Отойдя на пять шагов, он остановился, обернулся всем телом и проговорил:

– Банда прошла в горы там, где сейчас вертолет стоит. Через кювет и вперед! Идите, я постараюсь догнать, если успею. В противном случае здесь задержусь и вас дождусь. Но все же надеюсь быть с вами.

– Ладно. Тогда и я тоже еще раз послушаю, что здесь произошло, – заявил майор Смурнов. – А потом, как и приказал командир отряда, в штаб вернусь. Если раньше не вызовут. Грузовики для роты я здесь оставляю, капитан. По завершению поиска, когда вертолет отпустишь, сюда, к машинам, и возвращайся.

– Понятно, товарищ майор. Кто командир экипажа вертолета?

– Подполковник Глуховский. Борис Борисович его зовут. Позывной ты слышал.

– «Шмель-три». Стало быть, новый позывной теперь у Бориса Борисовича. Я с ним уже летал в прошлую командировку.

– Он раньше на МИ-24 летал. Вместе с вертолетом и позывной сменил, – проговорил начальник штаба. – Да. Еще вот что, капитан. Ты винтовку просил. Держи. Обойма полная, но больше патронов к ней нет. Я понимаю, что пять патронов – это почти ничего, только на пристрелку по сути дела и хватит. Но винтовка трофейная, у убитого бандита забранная. Патроны, даже эта вот одна-единственная обойма, вообще с чужого склада. С того самого, с которого бандиты себе пистолеты и гранаты добывали. Те, которые в первом ограблении использовались. Следственное управление по гильзам партию определило и на заведующего складом вышло. Опять полковник Вострицин помог нам и вам. Посодействовал в добывании патронов. Понимаю, что пяти штук мало, но больше и на этом складе не было. Там даже винтовки такой, как наша, не оказалось. – Алексей Викторович замолчал, открыл дверцу «уазика», вытащил с заднего сиденья снайперскую винтовку «Корд» и протянул ее командиру разведывательной роты.

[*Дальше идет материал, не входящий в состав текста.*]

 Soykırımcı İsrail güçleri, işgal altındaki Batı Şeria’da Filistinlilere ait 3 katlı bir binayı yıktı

Капитан Одуванчиков, как драгоценный дар, бережно, аккуратно принял «Корд», погладил ствольную коробку и прицел и сразу негромко сказал в микрофон:

– Спасибо, товарищ майор. Старший лейтенант Скорогорохов, ко мне!

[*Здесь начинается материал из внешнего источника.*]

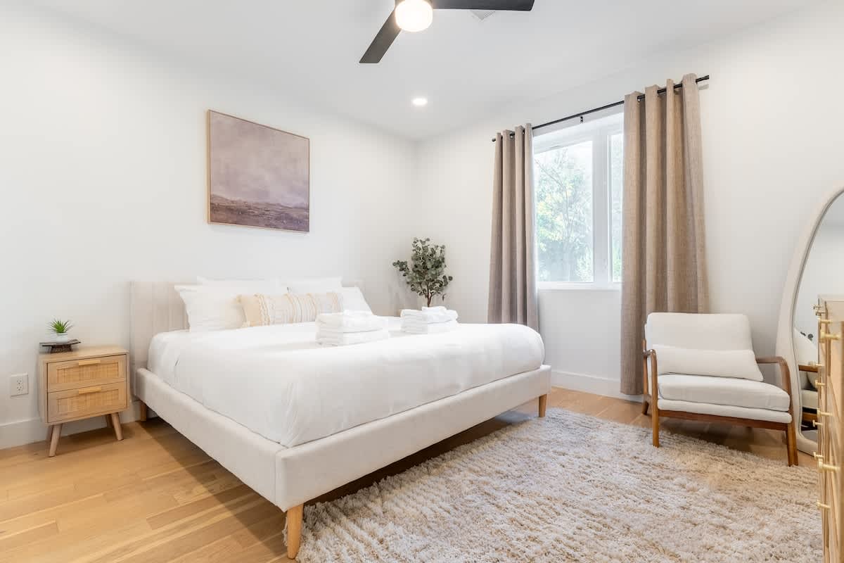 Level One - Spacious bedroom with king bed and attached full bathroom

– Есть! – донеслось из наушника шлема майора Смурнова, который тот держал в опущенной руке.

Если шлем не был надет на голову, то он экранировал звук наушников и поэтому создавал собственное негромкое эхо.

Старший лейтенант выпрыгнул из кузова четвертого по счету грузовика автоколонны и бегом направился к капитану.

– Держи, Вячеслав Аркадьевич, – сказал тот, шагнул навстречу и вручил ему винтовку. – Надеюсь, в твоих руках от нее будет толк.

– Ух ты, дальнобойка! – восхитился старший лейтенант и принял винтовку так же бережно, как это только что делал капитан Одуванчиков.

Потом он не удержался, поднял длинный, тяжелый ствол с мощным дульным тормозом перед собой и прицелился куда-то в сторону.

– Патронов только одна полная обойма, – каким-то извиняющимся тоном сказал командиру взвода майор Смурнов.

Он не стал повторять историю с чужим складом, которую только что изложил командиру разведывательной роты, и поспешил в сторону «Икаруса», догонять подполковника Омаханова.

Одуванчикову пришлось самому рассказать то, что он пару минут назад услышал от майора.

– Ничего страшного, – ответил старший лейтенант, выслушав его. – Из «Корда» приходится стрелять редко. На первое время со мной своим запасом поделится Наруленко, а потом, даст бог, разживется патронами. Нам бы только банду с такой же винтовкой встретить.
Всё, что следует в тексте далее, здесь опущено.